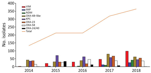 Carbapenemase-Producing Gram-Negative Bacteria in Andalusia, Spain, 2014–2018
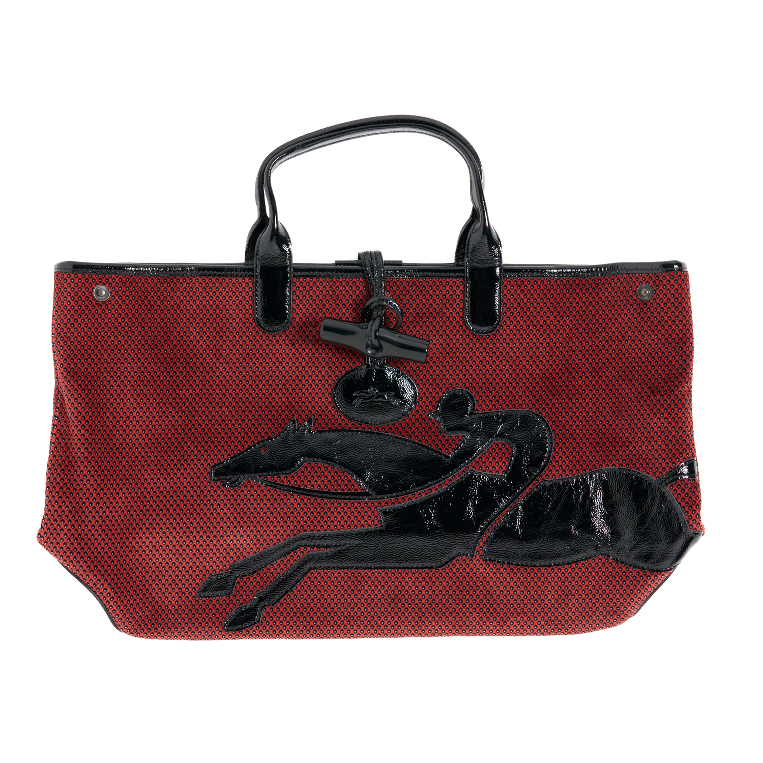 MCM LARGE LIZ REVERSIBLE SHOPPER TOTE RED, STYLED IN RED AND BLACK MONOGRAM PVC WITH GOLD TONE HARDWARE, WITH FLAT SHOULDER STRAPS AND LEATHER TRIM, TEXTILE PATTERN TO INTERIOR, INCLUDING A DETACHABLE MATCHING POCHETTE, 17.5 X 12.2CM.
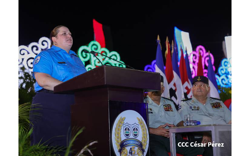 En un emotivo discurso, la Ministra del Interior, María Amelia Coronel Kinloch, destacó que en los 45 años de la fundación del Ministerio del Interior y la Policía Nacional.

= = = = = = =

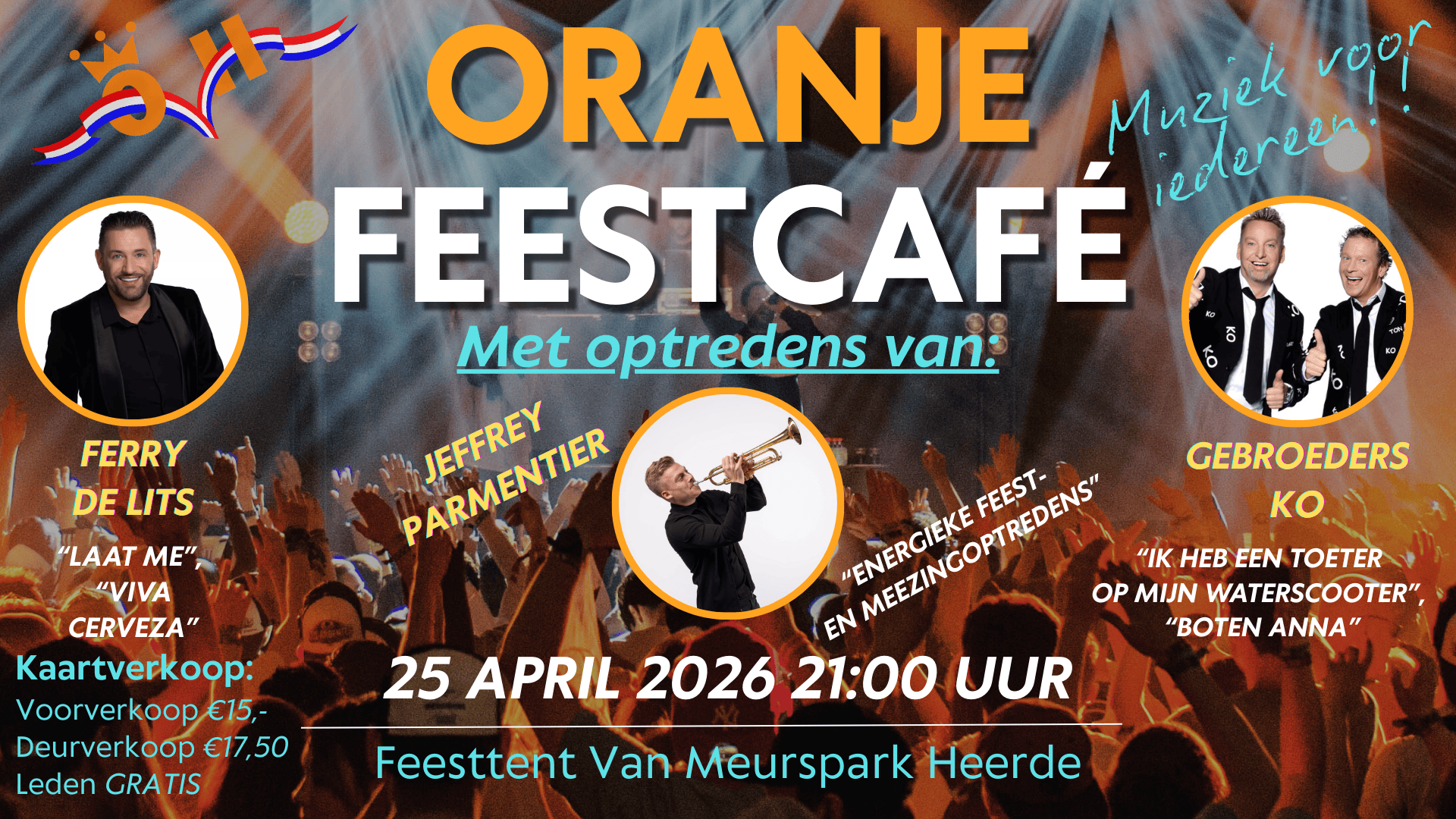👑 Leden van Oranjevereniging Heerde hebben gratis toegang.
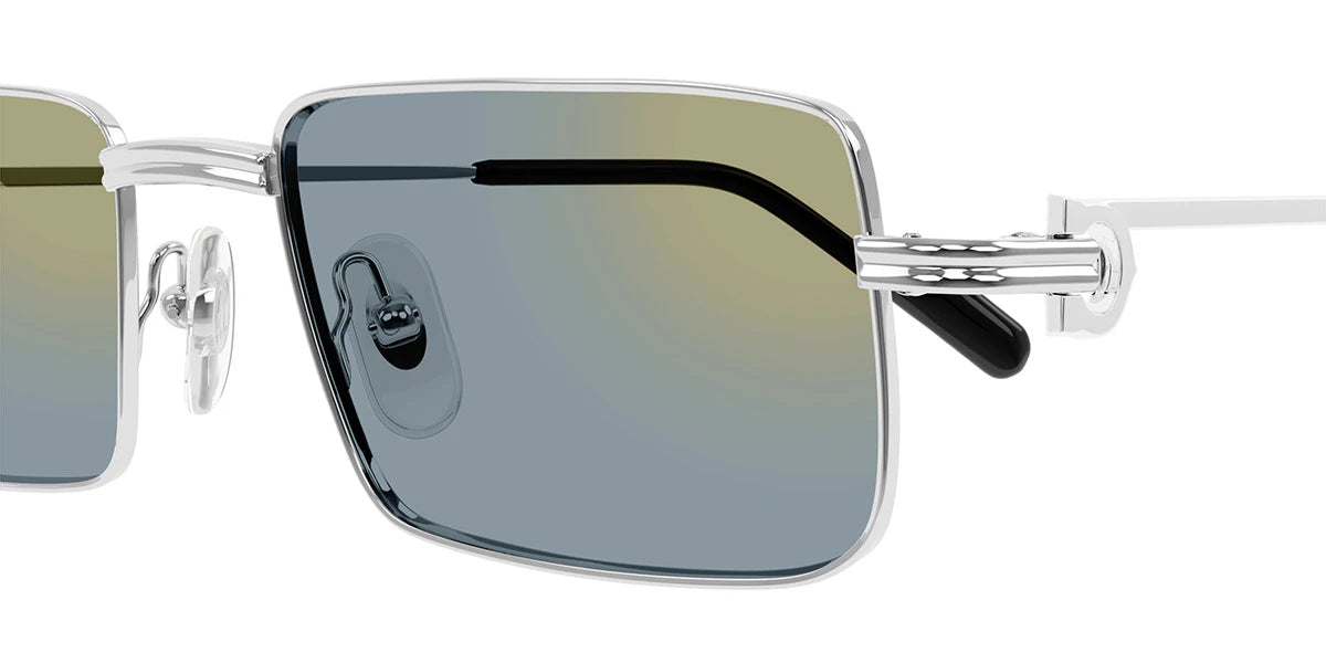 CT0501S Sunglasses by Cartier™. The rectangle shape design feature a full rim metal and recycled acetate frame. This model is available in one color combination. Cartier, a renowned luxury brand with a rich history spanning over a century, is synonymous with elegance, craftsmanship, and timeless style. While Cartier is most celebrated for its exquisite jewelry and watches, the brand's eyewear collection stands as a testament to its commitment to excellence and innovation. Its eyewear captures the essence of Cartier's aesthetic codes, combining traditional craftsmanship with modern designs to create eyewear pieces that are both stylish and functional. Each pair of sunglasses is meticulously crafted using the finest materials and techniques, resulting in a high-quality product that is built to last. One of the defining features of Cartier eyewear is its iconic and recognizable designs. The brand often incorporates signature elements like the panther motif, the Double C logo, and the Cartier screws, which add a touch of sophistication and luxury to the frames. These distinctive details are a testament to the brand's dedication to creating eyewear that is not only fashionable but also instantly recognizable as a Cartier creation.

= = = = = = =

### Task details
Your answer should be the lines above, word for word, from the line with "Carbapenemase-Producing Gram-Negative Bacteria" through the line with "En un emotivo", minus the pictures.

### Reply to the exercise
 Carbapenemase-Producing Gram-Negative Bacteria in Andalusia, Spain, 2014–2018
 MCM LARGE LIZ REVERSIBLE SHOPPER TOTE RED, STYLED IN RED AND BLACK MONOGRAM PVC WITH GOLD TONE HARDWARE, WITH FLAT SHOULDER STRAPS AND LEATHER TRIM, TEXTILE PATTERN TO INTERIOR, INCLUDING A DETACHABLE MATCHING POCHETTE, 17.5 X 12.2CM.
 En un emotivo discurso, la Ministra del Interior, María Amelia Coronel Kinloch, destacó que en los 45 años de la fundación del Ministerio del Interior y la Policía Nacional.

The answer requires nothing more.